Dass es nicht, wie geplant, eine Aussprache direkt vor dem Bauausschuss gab, lag laut Baubürgermeisterin Ulrike Hotz daran, dass im Rahmen einer solchen Sitzung zwar die betroffenen Bürger hätten angehört werden können, nicht aber die hinzugezogenen externen Fachleute. Insofern sei der Runde Tisch ein Entgegenkommen der Stadt.

Ferner wurde das Tübinger Referat für Denkmalpflege beim Regierungspräsidium, vertreten durch Dr. Michael Ruhland, mit an den Tisch gebeten (Wobei dieser Tisch im Übrigen gar nicht rund, sondern eckig war). Die Expertise des Denkmalschützers haben wir in unserer Zeitung bereits ausführlich erläutert, sein Statement aber hier nochmals in Kürze: Die Frage des Städtebaus als Grund für den Denkmalschutz existiere im baden-württembergischen Recht nicht. Und eine "Kulturdenkmaleigenschaft für die Erdle-Gebäude kann nicht nachgewiesen werden".

Anders sieht das Dr.-Ing. Elke Sohn von der Hochschule für Wirtschaft und Technik im Saarland: In ihrem Vortrag im Spitalhofsaal vor dem Publikum, das sich vor allem aus Mitgliedern des Bauausschusses wie auch aus Mitgliedern der Bürgerinitiative gegen das Bosch-Bauprojekt zusammensetzte, betonte die Fachfrau für Kunst- und Baugeschichte: "Helmut Erdle hat viel planerisches Engagement eingebracht, um die Gebäude individuell zu gestalten." Die Planung habe der Architekt der Stuttgarter Schule "als Teil des Gmindersdorfs verstanden".

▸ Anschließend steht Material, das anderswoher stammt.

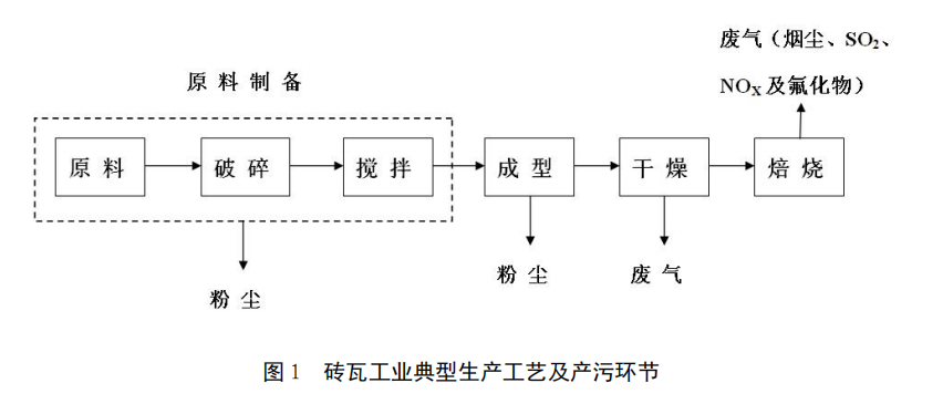 圖 1 磚瓦工業典型生產工藝及產污環節

Das Engagement Erdles für diese Bauten des sozialen Wohnungsbaus sei enorm groß gewesen und habe zu "einer ganz eigenen städtebaulichen Sprache geführt", so Sohn. Helmut Erdle habe in den 50er Jahren die Elemente jener Zeit mit denen von Theodor Fischer, dem Erbauer des Gmindersdorfs zu Beginn des 20. Jahrhunderts, durchmischt. "Die Erdle-Bauten sind ein offenes Kunstwerk, das uns nicht beschwatzt mit dem Alten", sagte Elke Sohn. Vielmehr habe Helmut Erdle durch das Aufgreifen so mancher Elemente aus der Architektur des Gmindersdorfs "angeboten, uns zu erinnern, mit der Beschwingtheit und Heiterkeit der Gartenstadt der 50er Jahre". Andreas Erdle, Filius von Helmut Erdle, sieht in dem geplanten Projekt der Robert Bosch GmbH "keine Weiterentwicklung des Gartenstadtgedankens".

Wie es nun weitergeht? Die vorgetragenen Gedanken und Meinungen sollen laut Hotz nun in den Fraktionen beraten werden, danach werde es zu einer Entscheidung im Gemeinderat kommen. Übrigens hatte das Weltunternehmen der Robert Bosch GmbH eine Teilnahme an dem Runden Tisch abgelehnt. "Die Interessen der Firma würden durch die vorliegende Planung vertreten", hatte Ulrike Hotz erläutert.